Exercise:
Ignoring the images, restate the records below word for word.
[[ Data for review open ]]
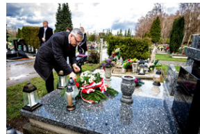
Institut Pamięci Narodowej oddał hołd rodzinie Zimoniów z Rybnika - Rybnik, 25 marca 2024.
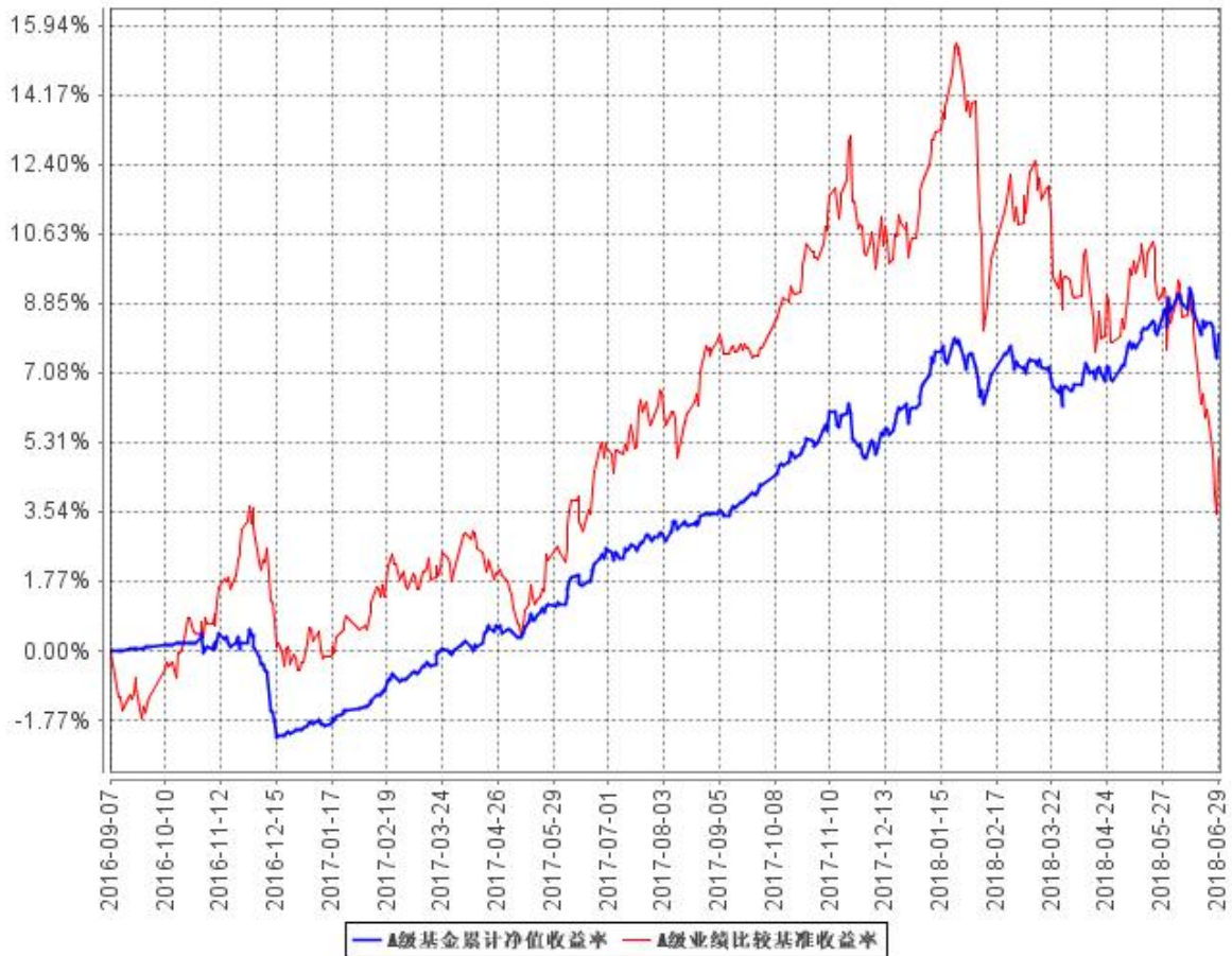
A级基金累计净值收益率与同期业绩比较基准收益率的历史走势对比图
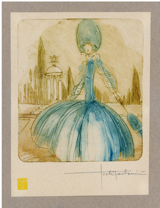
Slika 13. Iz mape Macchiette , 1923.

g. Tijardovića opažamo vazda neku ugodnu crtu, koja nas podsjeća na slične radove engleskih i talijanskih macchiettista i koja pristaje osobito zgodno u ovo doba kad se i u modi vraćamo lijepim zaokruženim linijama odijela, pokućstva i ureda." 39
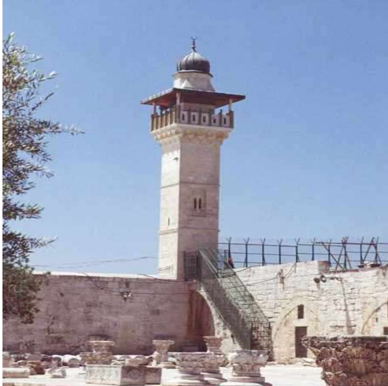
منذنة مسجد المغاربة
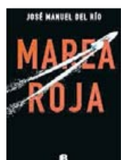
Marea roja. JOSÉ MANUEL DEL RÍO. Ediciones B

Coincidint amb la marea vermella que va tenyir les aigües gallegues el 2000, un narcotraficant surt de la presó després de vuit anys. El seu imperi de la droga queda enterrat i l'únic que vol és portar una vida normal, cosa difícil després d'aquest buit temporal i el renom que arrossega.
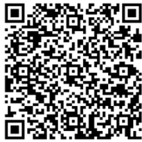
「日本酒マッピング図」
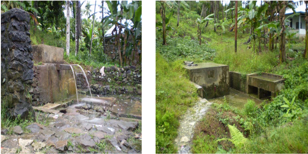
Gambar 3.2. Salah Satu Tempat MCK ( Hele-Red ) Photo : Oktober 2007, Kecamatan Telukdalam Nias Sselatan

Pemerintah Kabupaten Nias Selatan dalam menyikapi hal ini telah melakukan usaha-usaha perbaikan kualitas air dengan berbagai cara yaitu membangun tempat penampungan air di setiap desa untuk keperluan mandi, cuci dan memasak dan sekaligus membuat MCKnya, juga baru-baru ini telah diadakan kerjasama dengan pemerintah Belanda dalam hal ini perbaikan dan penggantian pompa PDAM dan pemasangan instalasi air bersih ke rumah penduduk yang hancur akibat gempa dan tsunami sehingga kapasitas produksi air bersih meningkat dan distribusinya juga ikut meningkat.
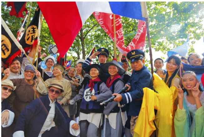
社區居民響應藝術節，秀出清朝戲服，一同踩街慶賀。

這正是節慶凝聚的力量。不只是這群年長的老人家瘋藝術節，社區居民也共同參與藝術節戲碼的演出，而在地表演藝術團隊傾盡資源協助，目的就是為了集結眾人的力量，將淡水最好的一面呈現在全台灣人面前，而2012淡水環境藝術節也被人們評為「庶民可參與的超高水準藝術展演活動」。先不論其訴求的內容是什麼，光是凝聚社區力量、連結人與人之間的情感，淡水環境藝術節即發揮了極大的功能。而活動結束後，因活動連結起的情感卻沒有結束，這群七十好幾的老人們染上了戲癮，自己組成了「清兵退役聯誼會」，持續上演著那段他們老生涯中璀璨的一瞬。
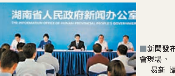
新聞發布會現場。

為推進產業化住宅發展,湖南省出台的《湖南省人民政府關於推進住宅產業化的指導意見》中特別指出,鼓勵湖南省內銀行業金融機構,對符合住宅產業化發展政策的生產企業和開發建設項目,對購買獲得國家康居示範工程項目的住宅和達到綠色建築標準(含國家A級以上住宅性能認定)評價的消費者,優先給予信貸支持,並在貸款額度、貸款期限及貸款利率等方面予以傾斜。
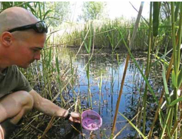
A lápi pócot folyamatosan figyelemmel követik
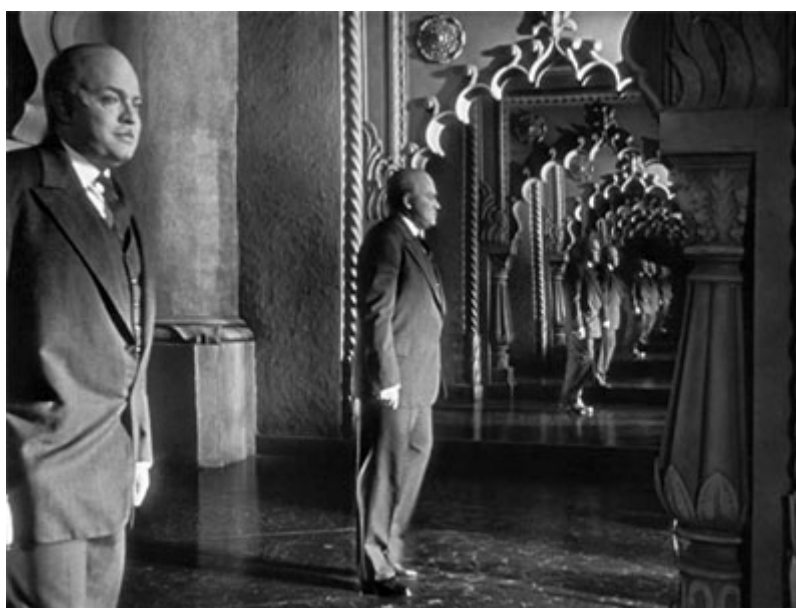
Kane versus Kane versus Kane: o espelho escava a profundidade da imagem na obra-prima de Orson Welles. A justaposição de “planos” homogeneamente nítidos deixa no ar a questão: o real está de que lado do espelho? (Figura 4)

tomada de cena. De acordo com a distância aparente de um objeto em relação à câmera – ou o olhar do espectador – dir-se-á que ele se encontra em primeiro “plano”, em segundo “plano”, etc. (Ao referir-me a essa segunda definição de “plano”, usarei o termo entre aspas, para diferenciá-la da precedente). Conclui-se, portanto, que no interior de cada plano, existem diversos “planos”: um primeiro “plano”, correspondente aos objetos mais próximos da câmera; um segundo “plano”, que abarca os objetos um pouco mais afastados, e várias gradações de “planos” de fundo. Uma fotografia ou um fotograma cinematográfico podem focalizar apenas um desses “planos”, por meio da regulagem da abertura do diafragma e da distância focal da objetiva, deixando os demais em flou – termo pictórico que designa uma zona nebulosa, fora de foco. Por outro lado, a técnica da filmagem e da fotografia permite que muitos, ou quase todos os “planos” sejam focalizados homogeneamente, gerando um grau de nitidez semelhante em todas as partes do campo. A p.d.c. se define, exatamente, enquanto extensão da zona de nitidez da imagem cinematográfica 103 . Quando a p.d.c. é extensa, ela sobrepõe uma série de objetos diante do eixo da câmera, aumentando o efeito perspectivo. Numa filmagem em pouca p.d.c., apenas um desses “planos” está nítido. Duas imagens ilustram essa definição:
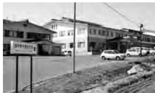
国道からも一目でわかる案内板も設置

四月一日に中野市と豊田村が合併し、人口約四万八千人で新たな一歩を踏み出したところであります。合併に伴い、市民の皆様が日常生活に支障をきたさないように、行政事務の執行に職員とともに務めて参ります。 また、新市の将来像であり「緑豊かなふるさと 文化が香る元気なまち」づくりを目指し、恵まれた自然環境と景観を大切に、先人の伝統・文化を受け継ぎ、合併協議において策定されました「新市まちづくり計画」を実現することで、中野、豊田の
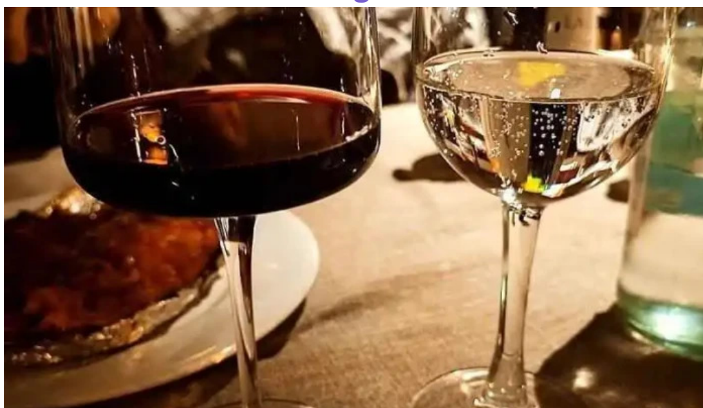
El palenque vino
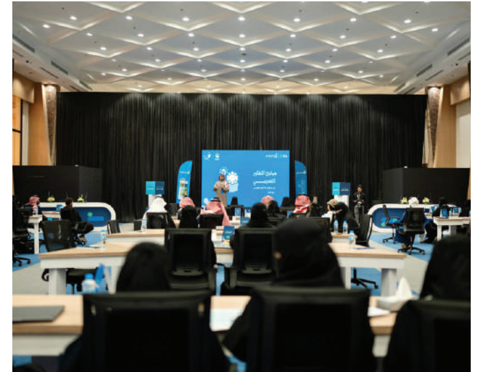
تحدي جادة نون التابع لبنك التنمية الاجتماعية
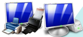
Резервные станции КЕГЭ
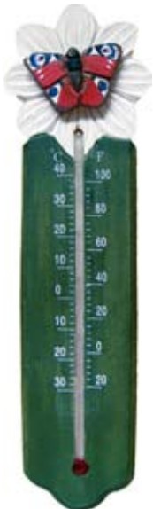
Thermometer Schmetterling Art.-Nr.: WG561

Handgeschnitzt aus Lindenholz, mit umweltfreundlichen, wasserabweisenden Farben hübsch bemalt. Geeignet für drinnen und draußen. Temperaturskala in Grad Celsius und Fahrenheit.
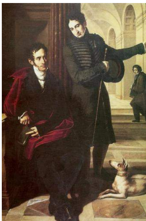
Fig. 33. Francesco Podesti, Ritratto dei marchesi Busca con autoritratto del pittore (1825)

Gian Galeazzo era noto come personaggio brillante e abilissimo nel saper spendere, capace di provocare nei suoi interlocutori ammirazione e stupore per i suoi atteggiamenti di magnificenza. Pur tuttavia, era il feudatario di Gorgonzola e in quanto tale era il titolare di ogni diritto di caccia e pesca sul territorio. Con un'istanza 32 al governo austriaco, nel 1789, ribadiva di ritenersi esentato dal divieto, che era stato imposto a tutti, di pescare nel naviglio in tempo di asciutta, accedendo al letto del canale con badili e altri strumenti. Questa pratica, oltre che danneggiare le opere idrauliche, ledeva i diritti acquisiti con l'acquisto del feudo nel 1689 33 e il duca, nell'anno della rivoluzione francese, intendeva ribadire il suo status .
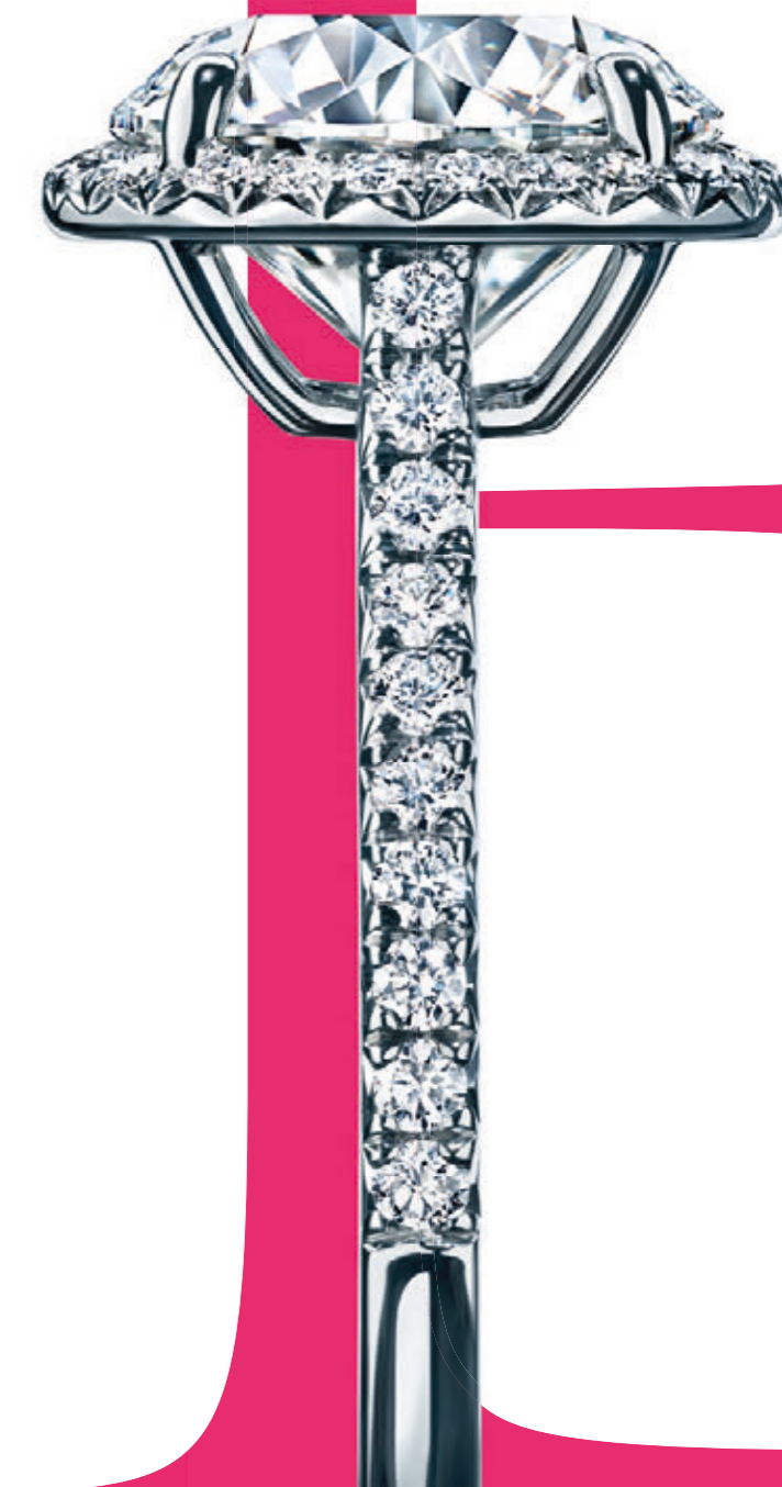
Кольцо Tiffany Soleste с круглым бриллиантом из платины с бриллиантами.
[[ Data for review closed ]]
Exercise result:
Institut Pamięci Narodowej oddał hołd rodzinie Zimoniów z Rybnika - Rybnik, 25 marca 2024.
A级基金累计净值收益率与同期业绩比较基准收益率的历史走势对比图
Slika 13. Iz mape Macchiette , 1923.

g. Tijardovića opažamo vazda neku ugodnu crtu, koja nas podsjeća na slične radove engleskih i talijanskih macchiettista i koja pristaje osobito zgodno u ovo doba kad se i u modi vraćamo lijepim zaokruženim linijama odijela, pokućstva i ureda." 39
منذنة مسجد المغاربة
Marea roja. JOSÉ MANUEL DEL RÍO. Ediciones B

Coincidint amb la marea vermella que va tenyir les aigües gallegues el 2000, un narcotraficant surt de la presó després de vuit anys. El seu imperi de la droga queda enterrat i l'únic que vol és portar una vida normal, cosa difícil després d'aquest buit temporal i el renom que arrossega.
「日本酒マッピング図」
Gambar 3.2. Salah Satu Tempat MCK ( Hele-Red ) Photo : Oktober 2007, Kecamatan Telukdalam Nias Sselatan

Pemerintah Kabupaten Nias Selatan dalam menyikapi hal ini telah melakukan usaha-usaha perbaikan kualitas air dengan berbagai cara yaitu membangun tempat penampungan air di setiap desa untuk keperluan mandi, cuci dan memasak dan sekaligus membuat MCKnya, juga baru-baru ini telah diadakan kerjasama dengan pemerintah Belanda dalam hal ini perbaikan dan penggantian pompa PDAM dan pemasangan instalasi air bersih ke rumah penduduk yang hancur akibat gempa dan tsunami sehingga kapasitas produksi air bersih meningkat dan distribusinya juga ikut meningkat.
社區居民響應藝術節，秀出清朝戲服，一同踩街慶賀。

這正是節慶凝聚的力量。不只是這群年長的老人家瘋藝術節，社區居民也共同參與藝術節戲碼的演出，而在地表演藝術團隊傾盡資源協助，目的就是為了集結眾人的力量，將淡水最好的一面呈現在全台灣人面前，而2012淡水環境藝術節也被人們評為「庶民可參與的超高水準藝術展演活動」。先不論其訴求的內容是什麼，光是凝聚社區力量、連結人與人之間的情感，淡水環境藝術節即發揮了極大的功能。而活動結束後，因活動連結起的情感卻沒有結束，這群七十好幾的老人們染上了戲癮，自己組成了「清兵退役聯誼會」，持續上演著那段他們老生涯中璀璨的一瞬。
新聞發布會現場。

為推進產業化住宅發展,湖南省出台的《湖南省人民政府關於推進住宅產業化的指導意見》中特別指出,鼓勵湖南省內銀行業金融機構,對符合住宅產業化發展政策的生產企業和開發建設項目,對購買獲得國家康居示範工程項目的住宅和達到綠色建築標準(含國家A級以上住宅性能認定)評價的消費者,優先給予信貸支持,並在貸款額度、貸款期限及貸款利率等方面予以傾斜。
A lápi pócot folyamatosan figyelemmel követik
Kane versus Kane versus Kane: o espelho escava a profundidade da imagem na obra-prima de Orson Welles. A justaposição de “planos” homogeneamente nítidos deixa no ar a questão: o real está de que lado do espelho? (Figura 4)

tomada de cena. De acordo com a distância aparente de um objeto em relação à câmera – ou o olhar do espectador – dir-se-á que ele se encontra em primeiro “plano”, em segundo “plano”, etc. (Ao referir-me a essa segunda definição de “plano”, usarei o termo entre aspas, para diferenciá-la da precedente). Conclui-se, portanto, que no interior de cada plano, existem diversos “planos”: um primeiro “plano”, correspondente aos objetos mais próximos da câmera; um segundo “plano”, que abarca os objetos um pouco mais afastados, e várias gradações de “planos” de fundo. Uma fotografia ou um fotograma cinematográfico podem focalizar apenas um desses “planos”, por meio da regulagem da abertura do diafragma e da distância focal da objetiva, deixando os demais em flou – termo pictórico que designa uma zona nebulosa, fora de foco. Por outro lado, a técnica da filmagem e da fotografia permite que muitos, ou quase todos os “planos” sejam focalizados homogeneamente, gerando um grau de nitidez semelhante em todas as partes do campo. A p.d.c. se define, exatamente, enquanto extensão da zona de nitidez da imagem cinematográfica 103 . Quando a p.d.c. é extensa, ela sobrepõe uma série de objetos diante do eixo da câmera, aumentando o efeito perspectivo. Numa filmagem em pouca p.d.c., apenas um desses “planos” está nítido. Duas imagens ilustram essa definição:
国道からも一目でわかる案内板も設置

四月一日に中野市と豊田村が合併し、人口約四万八千人で新たな一歩を踏み出したところであります。合併に伴い、市民の皆様が日常生活に支障をきたさないように、行政事務の執行に職員とともに務めて参ります。 また、新市の将来像であり「緑豊かなふるさと 文化が香る元気なまち」づくりを目指し、恵まれた自然環境と景観を大切に、先人の伝統・文化を受け継ぎ、合併協議において策定されました「新市まちづくり計画」を実現することで、中野、豊田の
El palenque vino
تحدي جادة نون التابع لبنك التنمية الاجتماعية
Резервные станции КЕГЭ
Thermometer Schmetterling Art.-Nr.: WG561

Handgeschnitzt aus Lindenholz, mit umweltfreundlichen, wasserabweisenden Farben hübsch bemalt. Geeignet für drinnen und draußen. Temperaturskala in Grad Celsius und Fahrenheit.
Fig. 33. Francesco Podesti, Ritratto dei marchesi Busca con autoritratto del pittore (1825)

Gian Galeazzo era noto come personaggio brillante e abilissimo nel saper spendere, capace di provocare nei suoi interlocutori ammirazione e stupore per i suoi atteggiamenti di magnificenza. Pur tuttavia, era il feudatario di Gorgonzola e in quanto tale era il titolare di ogni diritto di caccia e pesca sul territorio. Con un'istanza 32 al governo austriaco, nel 1789, ribadiva di ritenersi esentato dal divieto, che era stato imposto a tutti, di pescare nel naviglio in tempo di asciutta, accedendo al letto del canale con badili e altri strumenti. Questa pratica, oltre che danneggiare le opere idrauliche, ledeva i diritti acquisiti con l'acquisto del feudo nel 1689 33 e il duca, nell'anno della rivoluzione francese, intendeva ribadire il suo status .
Кольцо Tiffany Soleste с круглым бриллиантом из платины с бриллиантами.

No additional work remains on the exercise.